◆ Task directions
Exact copies of the lines below, from the one with "아메리칸 스타일 중공" up to and including the one with "- Engine: Westerbeke", are what this calls for; leave out pictures.
--- --- ---
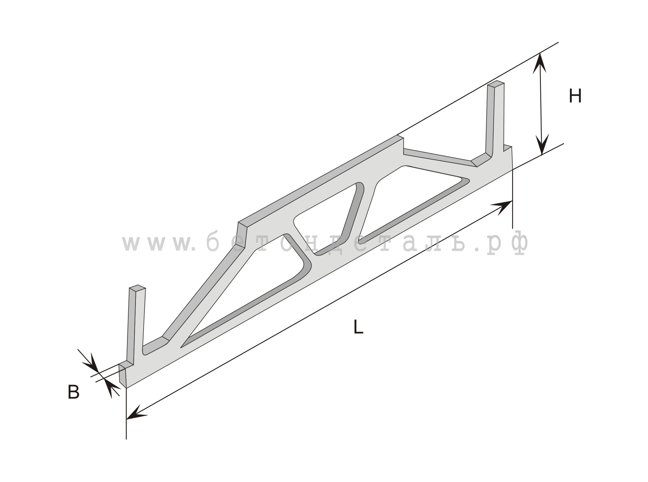 Железобетонные фермы 2ФПС 12 — это каркасные конструкции, представляющие собой, соединенные между собой стрежни. Железобетонные фермы — это одни из основных конструктивных элементов, позволяющих возводить одноэтажные здания. Данные изделия предназначены для создания крыши. Железобетонные фермы 2ФПС 12 применяются для покрытий зданий со скатной кровлей.
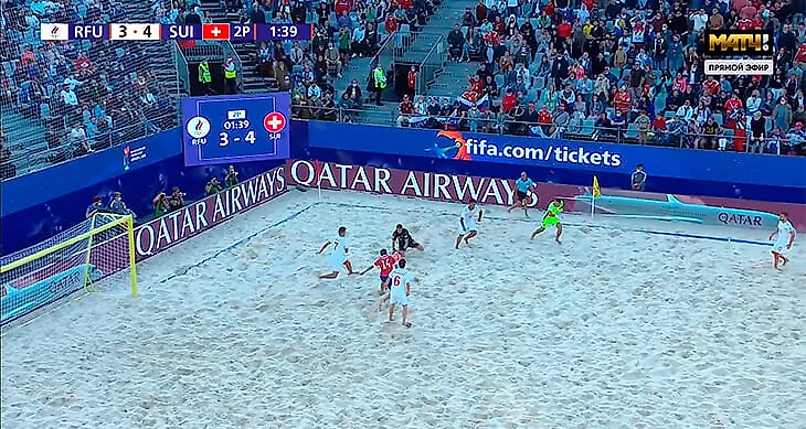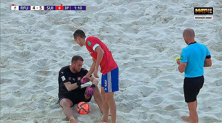 Сборная России по пляжному футболу одолела швейцарцев в полуфинале домашнего ЧМ – 5:5 (5:4 по пенальти).
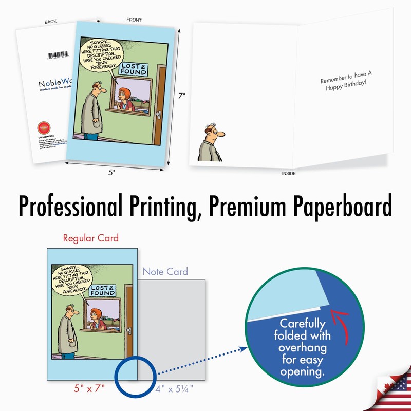 Whether you're looking for 5x7 inch greeting cards with envelopes, boxed note card assortments, or an 8.5” x 11" jumbo card that’ll make a HUGE impression, NobleWorks – and The Best Card Company (our non-humor brand) – has the right card for you! No matter which fold over greeting card you choose, we strive for perfection and customer satisfaction – every card, every order, every time!
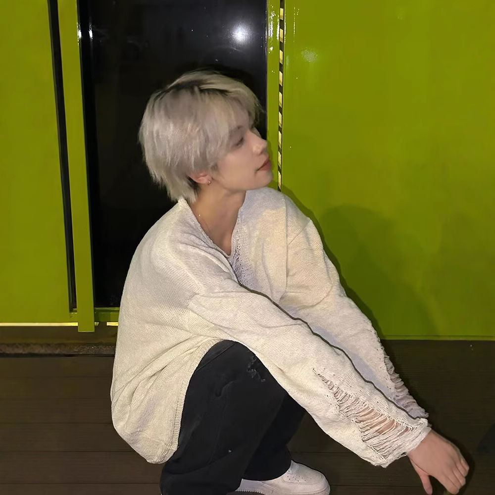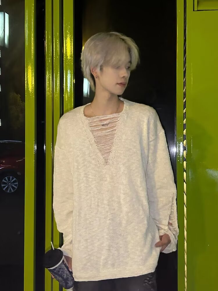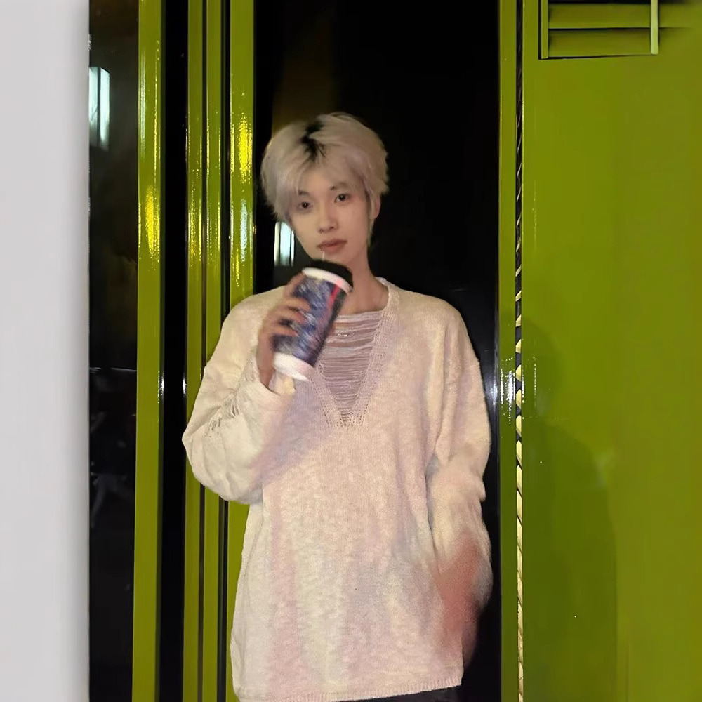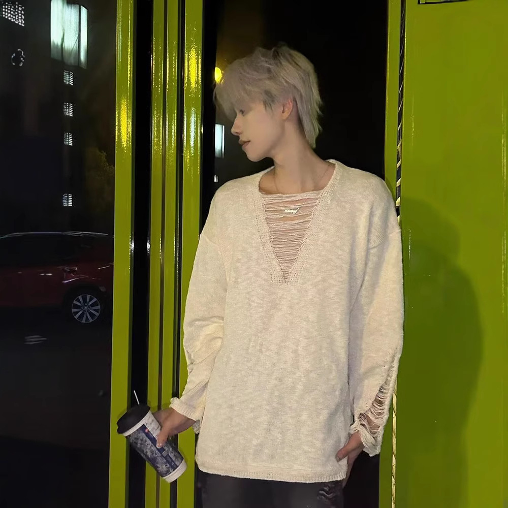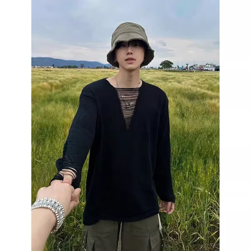 아메리칸 스타일 중공 딥 V 디자인 긴팔 스웨터 트렌디 남성 가을 하이엔드 핸섬 티셔츠 레이지 스타일 남성 모델 탑스토어 가기
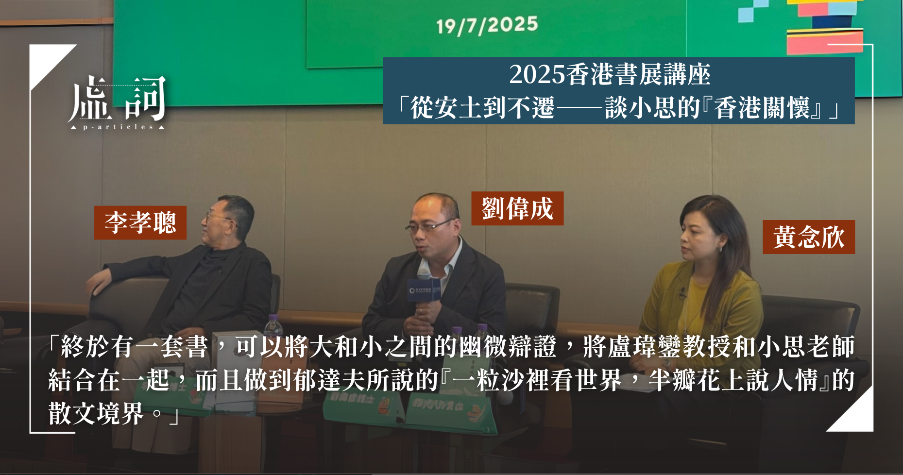 來到活動尾聲,黃念欣重申另外四書絕非舊作重印,而是透過新增文章、主題重組與學術增補,全面呈現小思的創作和研究。一方面涉及數位時代的反思,展現小思與時俱進的觀察,一方面重新歸類小思的飲食文章,呈現小思作為「奄尖食家」的細膩書寫,一方面記錄小思在香港結下的書緣及多年來的讀書經驗。
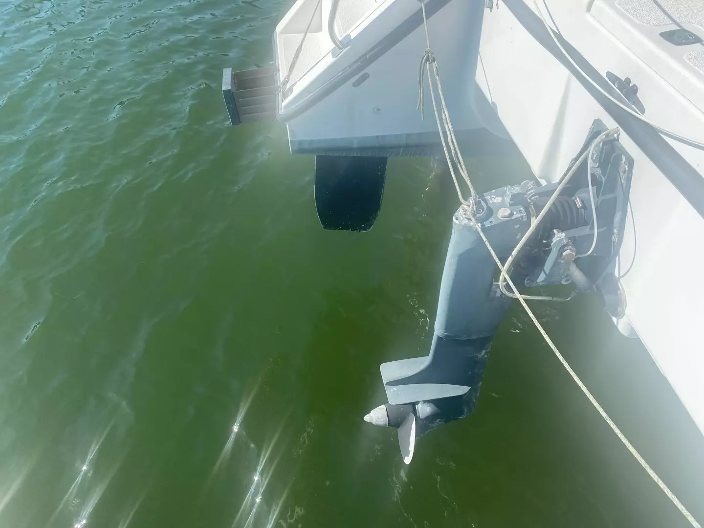 - Engine: Westerbeke diesel with inboard/outboard leg that raises for sailing
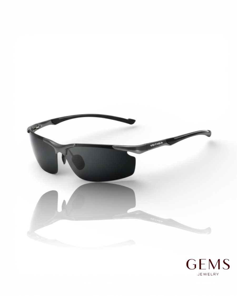 نظارة شمسية رياضية بتصميم قوي ومفتوح، مثالية للأنشطة الخارجية. تأتي بعدسات مستقطبة TAC مع حماية UV400 تقلل الوهج وتوفر رؤية واضحة وحماية كاملة للعين.
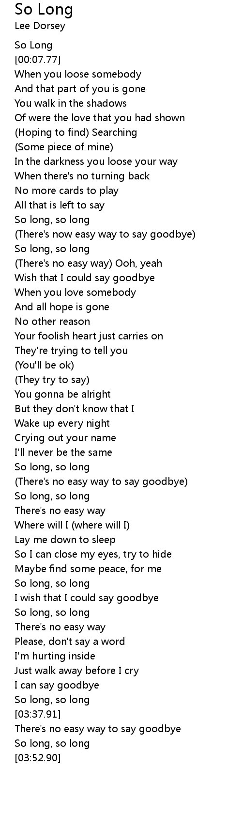 So long, so long |
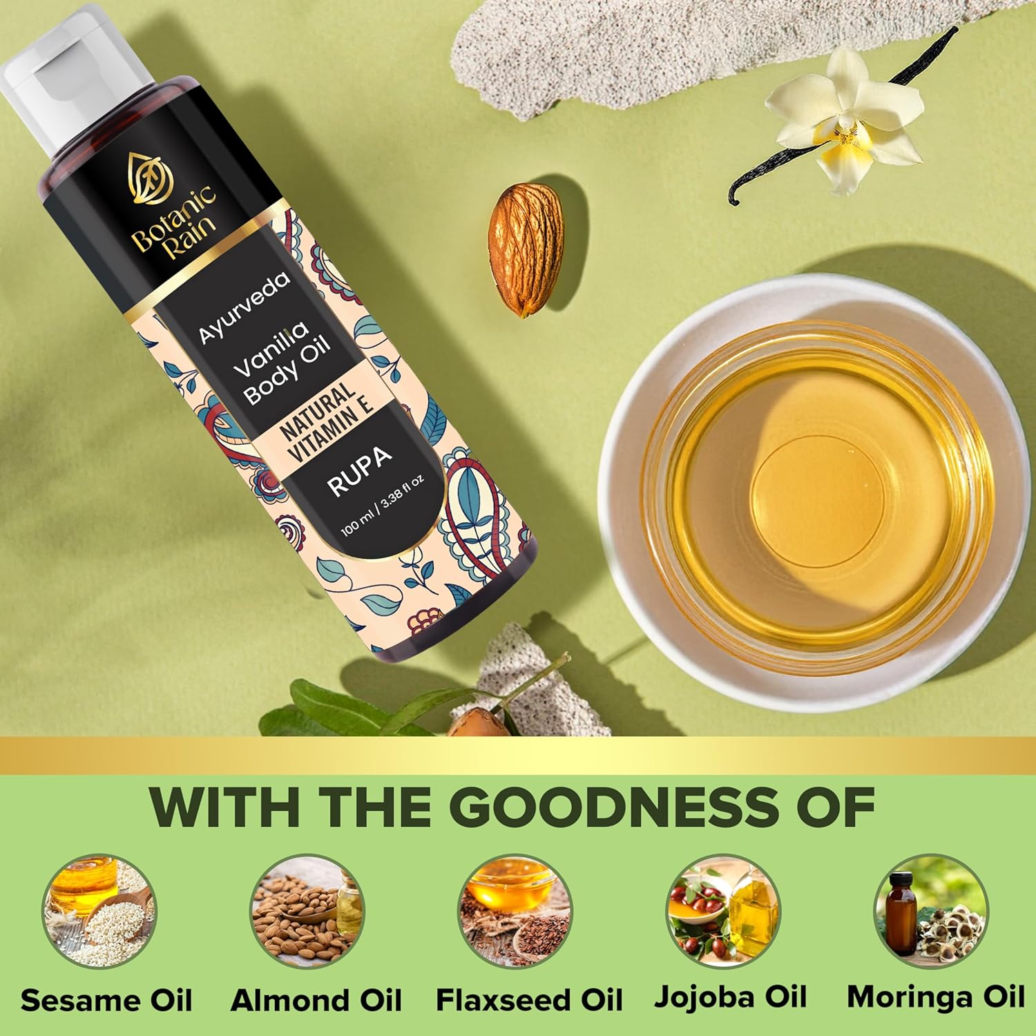 - Natural and Organic Ingredients: Our ayurveda body oil is made with natural and organic ingredients, which means it's gentle on your skin and free from harsh chemicals and synthetic fragrances. Vanilla oil is suitable for use on all skin types, including sensitive skin. Ayurveda products are designed to nourish and hydrate your skin, leaving it feeling silky-smooth and radiant.
--- --- ---
◆ Response to this exercise
 아메리칸 스타일 중공 딥 V 디자인 긴팔 스웨터 트렌디 남성 가을 하이엔드 핸섬 티셔츠 레이지 스타일 남성 모델 탑스토어 가기
 來到活動尾聲,黃念欣重申另外四書絕非舊作重印,而是透過新增文章、主題重組與學術增補,全面呈現小思的創作和研究。一方面涉及數位時代的反思,展現小思與時俱進的觀察,一方面重新歸類小思的飲食文章,呈現小思作為「奄尖食家」的細膩書寫,一方面記錄小思在香港結下的書緣及多年來的讀書經驗。
 - Engine: Westerbeke diesel with inboard/outboard leg that raises for sailing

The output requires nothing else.